J’ai aussi appris que les missionnaires chrétiennes de 22 ans d’Oklahoma pouvaient adopter un style vestimentaire hippie. Je le sais, parce que j’en ai rencontré une dans le tram, un midi. Elle est venue s’asseoir à côté de moi, a tourné sa jolie tête blonde vers moi et m’a dit, de but en blanc : « Where are you from ? » Alors que nous conversions de choses et d’autres pendant à peu près 45 secondes, je ne pouvais que constater l’électricité ruisselant de ses yeux. Deux taches d’un bleu d’autant plus vertigineux que son visage s’offrait directement à la lumière du jour, réduisant ses pupilles à des points de détail. Une minute après le début de notre entretien, cette jeune femme dont la beauté m’avait saisie s’est levée d’un bond et a disparu dans l’escalier du tram. Une apparition sans doute.

Hong Kong n’est pas une ville qui invite tellement à la flânerie. Elle est dense, ondée, imprévisible, chaotique d’apparence. Mais les rues étrangement seventies ont quelque chose de charmant, de douloureusement émouvant, comme pour dire « regardez, nous sommes des immeubles un peu laids, rapidement construits pour absorber les milliers de personnes qui s’entassent ici – n’appréciez-vous cependant nos couleurs absurdes, nos mille fenêtres et l’affront que nous faisons aux lois de la pesanteur ? »
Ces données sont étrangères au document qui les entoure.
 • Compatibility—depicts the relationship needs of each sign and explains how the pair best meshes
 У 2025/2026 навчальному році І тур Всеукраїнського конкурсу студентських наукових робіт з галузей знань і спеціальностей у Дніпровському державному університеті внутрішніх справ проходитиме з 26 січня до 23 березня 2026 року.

J’ai appris qu’il fallait apprendre à laisser s’évaporer un peu la culpabilité. Que je ne pouvais pas ni ne parviendrai jamais à être à la fois prof de français, écrivain, photographe, contributeur pour magazines en ligne, voyageuse, guide touristique, curatrice d’ateliers d’écriture, assistante de foire d’art contemporain, amie, fille, sœur et amante ; qu’il faudrait toujours choisir des persona donnés à des moments T, des instantanés d’une identité perdue, déchue de son unité, éclatée aux quatre vents.

J’ai appris des choses sur la patience – mais aussi sur l’ici et maintenant, l’urgence du hic et nunc, son arrogance.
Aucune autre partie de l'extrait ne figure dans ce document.